Decision Date01 February 2002
Docket NumberSlip Op. 02-11.,Court No. 98-06-02274.
Citation186 F.Supp.2d 1332
PartiesKOYO SEIKO CO., LTD. and Koyo Corporation of USA; NSK Ltd. and NSK Corporation; NTN Bearing Corporation of America, American NTN Bearing Manufacturing Corporation and NTN Corporation; and the Timken Company, Plaintiffs and Defendant-Intervenors, v. UNITED STATES, Defendant.
CourtU.S. Court of International Trade

Powell, Goldstein, Frazer & Murphy LLP (Peter O. Suchman, Neil R. Ellis and Elizabeth C. Hafner), Washington, DC, for Koyo, plaintiff and defendant-intervenor.

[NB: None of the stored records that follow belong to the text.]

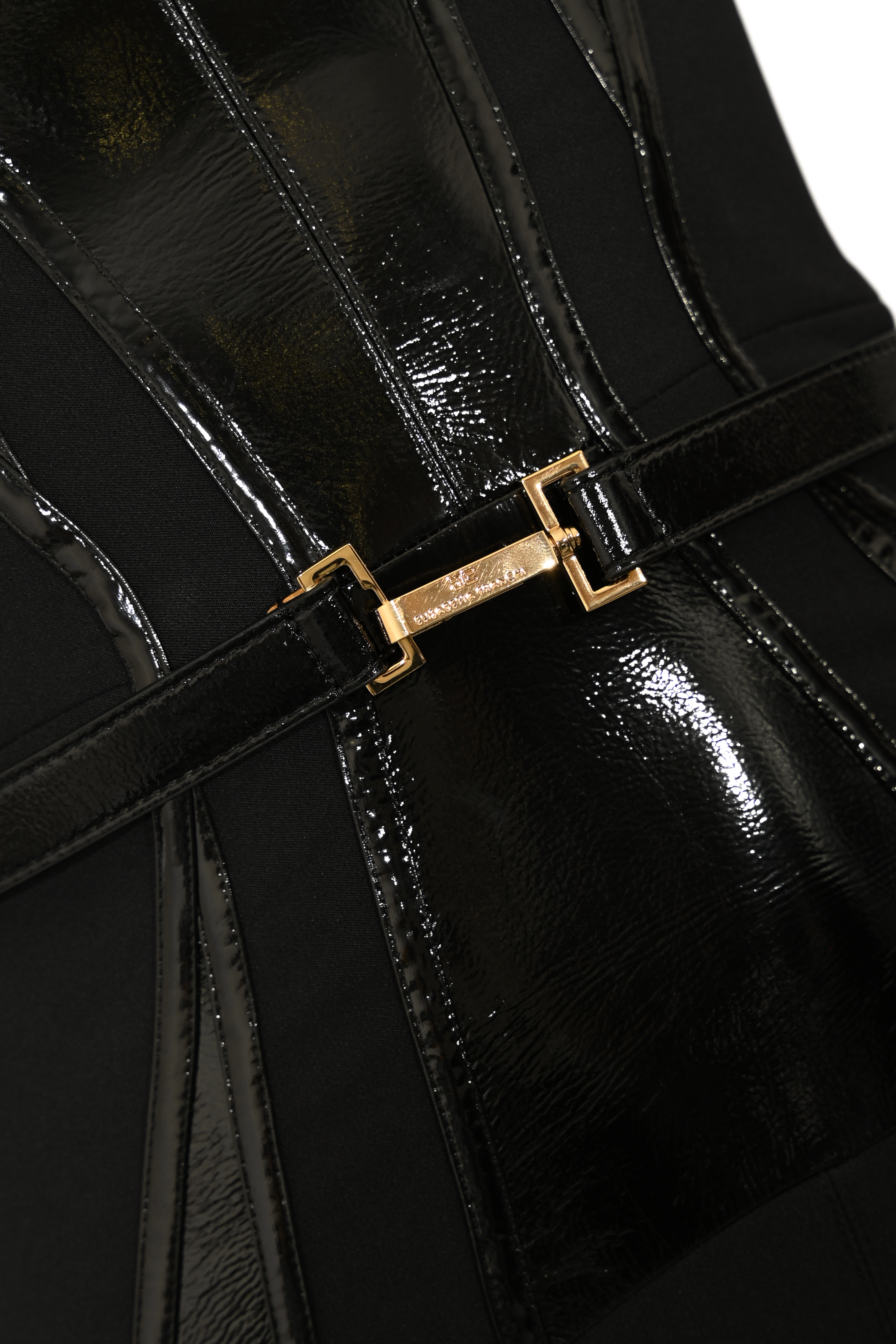 - Dettagli: pannelli lucidi effetto corsetto in vinile, cintura sottile coordinata con fibbia logata dorata, cuciture a vista verticali che slanciano la figura, spacco posteriore
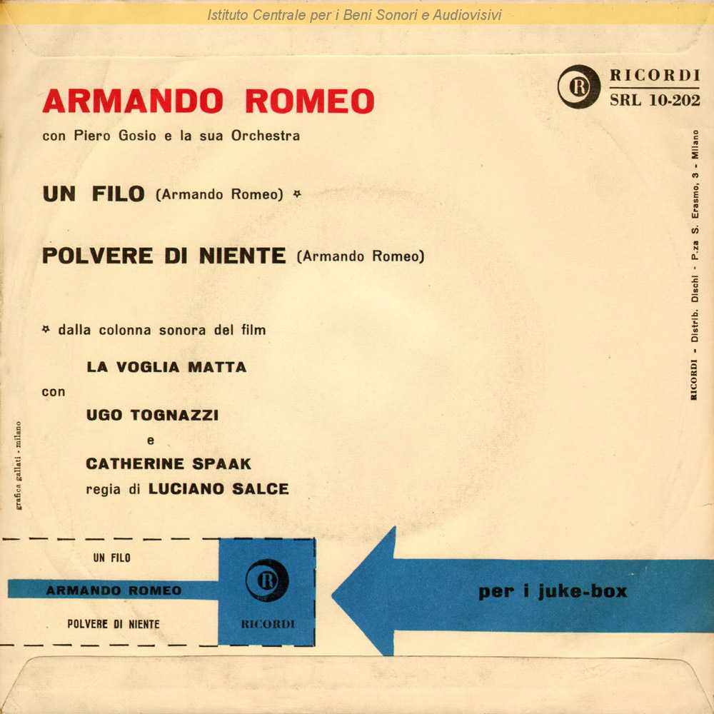 : Data matrice: 5 Aprile / Lato A: dal film "La voglia matta" (Luciano Salce, 1962) / Distribuito da Dischi Ricordi - Milano
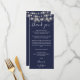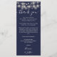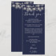 An elegant navy blue wedding celebration thank you reception card featuring pretty string lights. Personalised with your special thank you message set in stylish typography. A special keepsake thank you for your guests. Designed by Thisisnotme©

Lipstein, Jaffe & Lawson, L.L.P. (Robert A. Lipstein, Matthew P. Jaffe and Grace W. Lawson), Washington, DC, for NSK, plaintiff and defendant-intervenor.

Barnes, Richardson & Colburn (Donald J. Unger, Kazumune V. Kano, David G. Forgue and Clarice K.M. McCauley), Chicago, IL, for NTN, plaintiff and defendant-intervenor.

Stewart and Stewart (Terence P. Stewart, William A. Fennell and Patrick J. McDonough), Washington, DC, for Timken, plaintiff and defendant-intervenor.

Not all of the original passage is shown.